Assigned task — From the first line to the last, restate the data exactly, leaving out the images.

Supplied material —
>>>
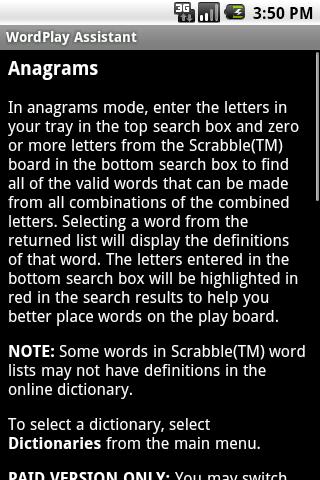 Enter your tiles in the text box at the top (using question mark “?” for blank tiles) and then drag letters down onto the board image to duplicate a current board you would like to solve. Long press on a placed letter to remove it from the board. Press the solve button. The top results and their point values will appear in a horizontal scrolling list near the top of the screen. Press any result to see its position on the board. Long press on a result to see the definition for that word. Use the menu button to manage multiple boards (new, open, save, delete) or to switch the game type. The free version is limited to only 15 letters allowed on the board you are solving and the top 3 results are hidden. The paid version removes these limitations. Screenshot input to the board solver may be possible in future releases once screenshot support is added to more Android devices.
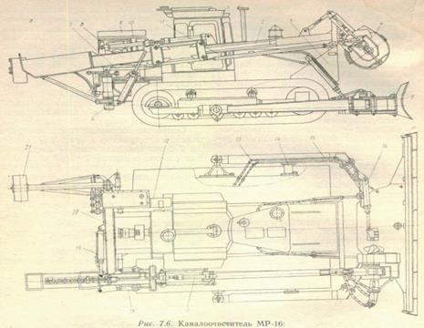 Каналоочиститель МР-16 может осуществлять очистку каналов глубиной до 3 м и выполнять разравнивание кавальеров и другие бульдозерные работы. Он представляет самоходную машину на базе болотоходного трактора тягового класса 6 с навесным оборудованием для очистки каналов, оснащенную дополнительным бульдозерным оборудованием.
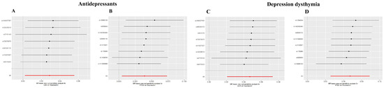 The leave-one-out plots for assessing the robustness. The horizontal red line represents the overall causal estimate using all instrumental variables (IVs). Each point depicts the causal estimate when the corresponding single nucleotide polymorphism (SNP) was omitted from the analysis. (A) Analysis for “JUN” on “Antidepressant”. (B) Analysis for “PTGS2” on “Antidepressant”. (C) Analysis for “JUN” on “Depression–dysthymia”. (D) Analysis for “PTGS2” on “Depression–dysthymia”.
<<<
Result of this exercise —
 Enter your tiles in the text box at the top (using question mark “?” for blank tiles) and then drag letters down onto the board image to duplicate a current board you would like to solve. Long press on a placed letter to remove it from the board. Press the solve button. The top results and their point values will appear in a horizontal scrolling list near the top of the screen. Press any result to see its position on the board. Long press on a result to see the definition for that word. Use the menu button to manage multiple boards (new, open, save, delete) or to switch the game type. The free version is limited to only 15 letters allowed on the board you are solving and the top 3 results are hidden. The paid version removes these limitations. Screenshot input to the board solver may be possible in future releases once screenshot support is added to more Android devices.
 Каналоочиститель МР-16 может осуществлять очистку каналов глубиной до 3 м и выполнять разравнивание кавальеров и другие бульдозерные работы. Он представляет самоходную машину на базе болотоходного трактора тягового класса 6 с навесным оборудованием для очистки каналов, оснащенную дополнительным бульдозерным оборудованием.
 The leave-one-out plots for assessing the robustness. The horizontal red line represents the overall causal estimate using all instrumental variables (IVs). Each point depicts the causal estimate when the corresponding single nucleotide polymorphism (SNP) was omitted from the analysis. (A) Analysis for “JUN” on “Antidepressant”. (B) Analysis for “PTGS2” on “Antidepressant”. (C) Analysis for “JUN” on “Depression–dysthymia”. (D) Analysis for “PTGS2” on “Depression–dysthymia”.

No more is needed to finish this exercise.